Tuesday, September 18, 2012
Don't panic if the IRS sends you a letter
Tuesday, September 11, 2012
IRS eases reporting requirement for small businesses
Monday, February 27, 2012
Be diligent about saving your tax records
You're probably getting ready to sort out last year's financial records and prepare for this year's recordkeeping. But what should you keep and what can you throw away? Here are some suggestions.
* Keep records that directly support income or expense items on your tax return. For income, this includes W-2s, 1099s, and Form K-1s. Also keep records of any other income you might have received from other sources. It's also a good idea to save your bank statements and investment statements from brokers.

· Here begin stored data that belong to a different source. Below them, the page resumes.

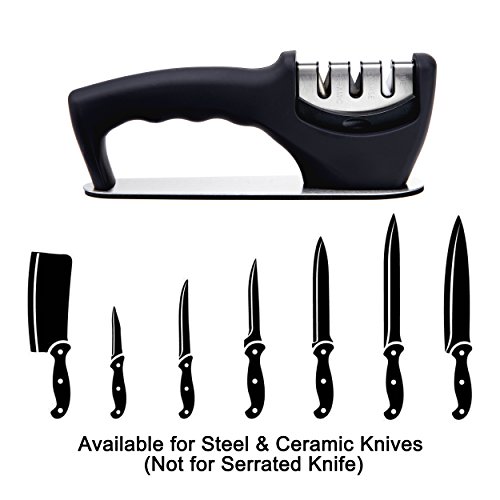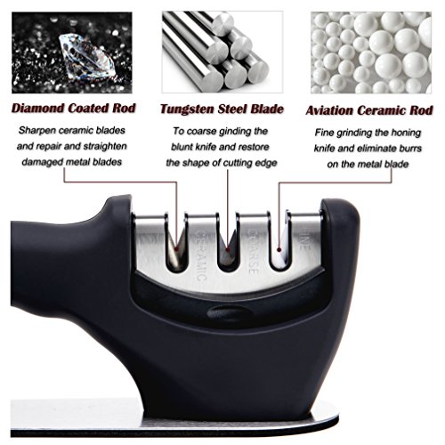 3 STAGE SHARPENING SYSTEM: Design with innovative 3 different sharpening slot(tungsten steel/ceramic rod/diamond rod)which provide seamless and efficient sharpening system, follow the instruction you can sharpening the blunt knifes honing knives ceramic knives with the right slot.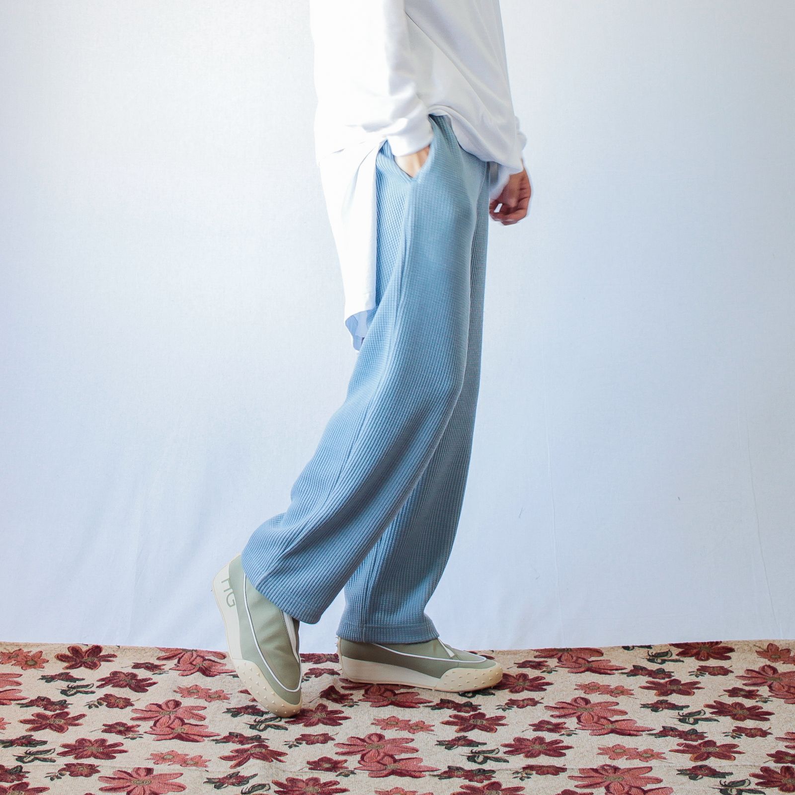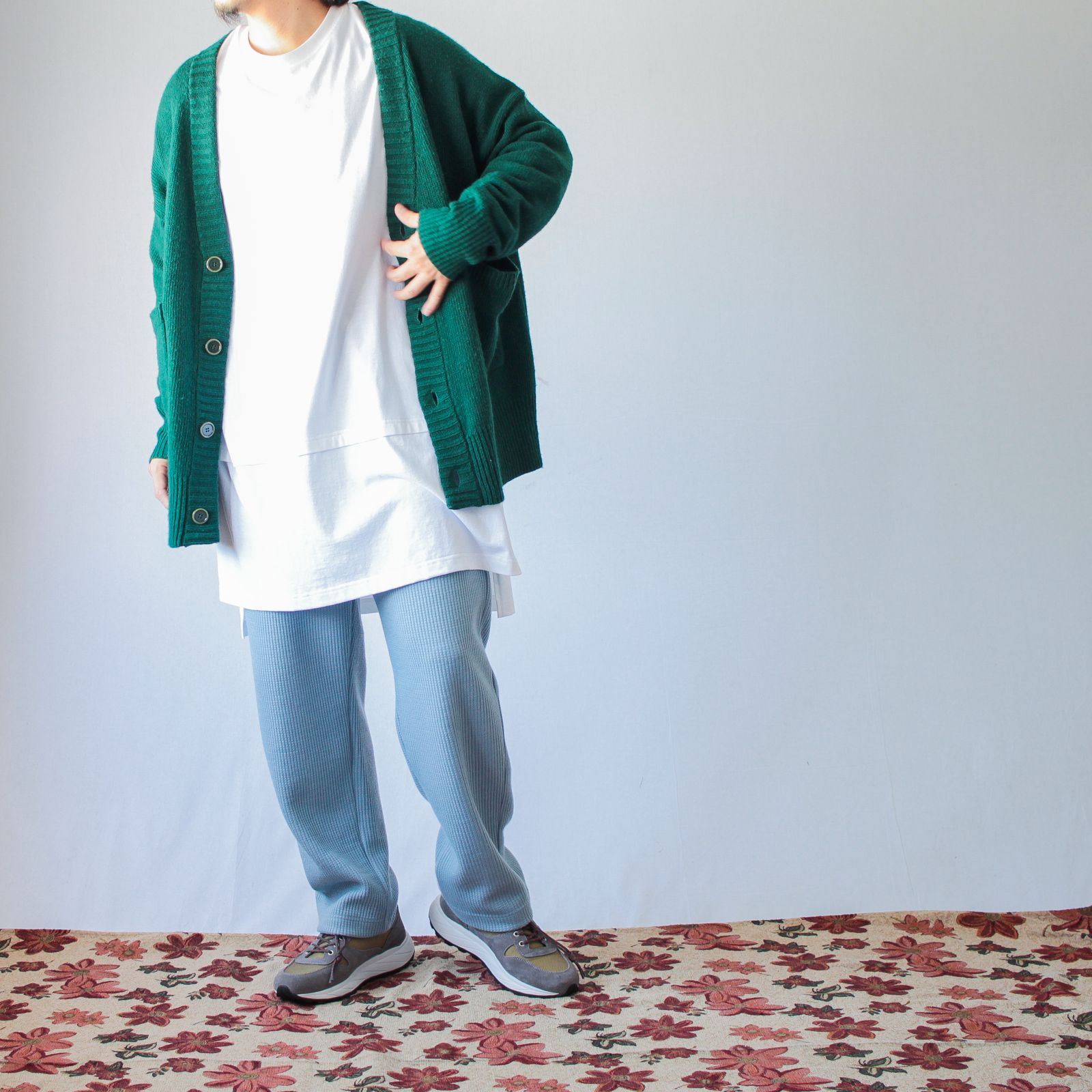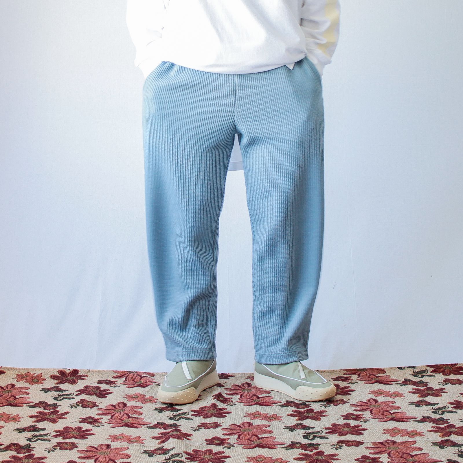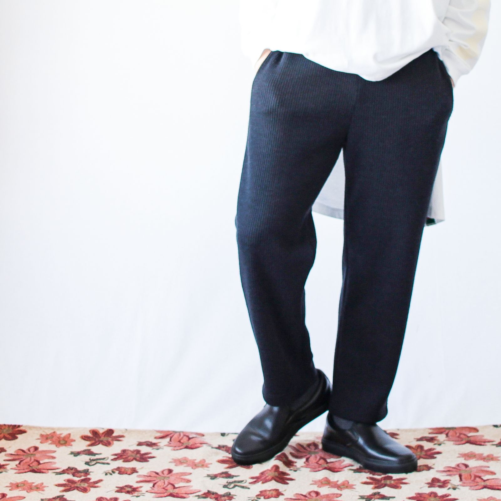 こういう楽なパンツは着用回数を重ねると形崩れや膝の伸びが気になるところですが、本アイテムはアクリルウール混の生地を使うことで形崩れし難い仕上がりに。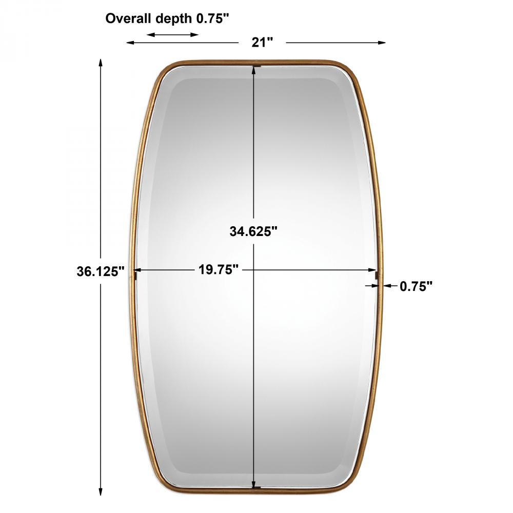 This Shaped Mirror Frame is Forged From Rounded Metal Finished in A Heavily Antiqued Gold Leaf Featuring A Floating Beveled Mirror. May Be Hung Horizontal or Vertical.

For expense items, keep documentation that supports any itemized deductions you claim. This includes acknowledgments from charitable organizations and backup for taxes paid, mortgage interest, medical deductions, work expenses, and miscellaneous deductions. Even if you don't itemize, keep records of expenses for child care, medical insurance if you're self-employed, and any other expenses that appear on your return.
The IRS can audit you routinely for three years after you file your return. But in cases where income is underreported, they can audit for up to six years. To be safe, keep your tax records for seven years.
Keep certain other records even longer. These include records relating to your house purchase and any improvements you make. Also keep records of investment purchases, dividends reinvested, and any major gifts you make or receive. And finally, keep copies of all your tax returns and W-2s in case you ever need to prove your earnings for social security purposes.
Please call our office if you have questions about specific items.
Thursday, February 23, 2012
Use adjusted tax numbers for 2012 planning
The IRS is required by law to adjust certain tax numbers each year. Here are some of the adjusted numbers you'll need for your 2012 tax planning.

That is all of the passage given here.